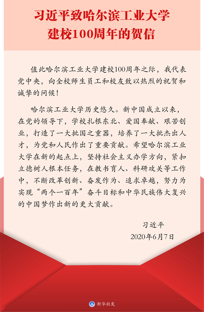 中共中央總書記、國家主席、中央軍委主席習(xí)近平7日致信祝賀哈爾濱工業(yè)大學(xué)建校100周年,向全校師生員工和校友致以熱烈的祝賀和誠摯的問候。
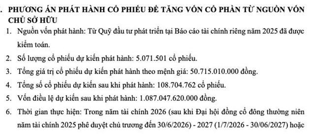 Nguồn vốn phát hành lấy từ quỹ đầu tư phát triển tại báo cáo tài chính riêng năm 2025 đã được kiểm toán.
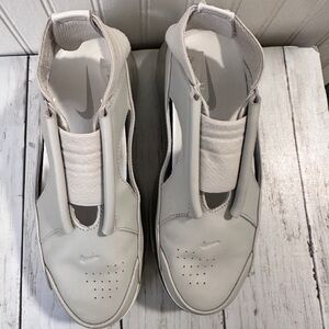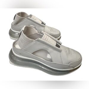 The Wmns Air Max FF 720 'Sail' features a bold construction on its upper to go with its signature exaggerated tooling. NO LACES! The shoe's upper features a white leather build that's cut out at the midfoot and heel, supported by a wraparound drawcord lacing system. The lace aglets add the only contrasting color in red, while underfoot, a 720 Max Air unit provides cushioning while contributing to the aesthetic. These are preowned in good condition.

**Problem requirements:**
What is needed is an exact copy of the lines from the start of the listing above through the line that holds "Nguồn vốn phát", with the pictures left out.

**Task result:**
 中共中央總書記、國家主席、中央軍委主席習(xí)近平7日致信祝賀哈爾濱工業(yè)大學(xué)建校100周年,向全校師生員工和校友致以熱烈的祝賀和誠摯的問候。
 Nguồn vốn phát hành lấy từ quỹ đầu tư phát triển tại báo cáo tài chính riêng năm 2025 đã được kiểm toán.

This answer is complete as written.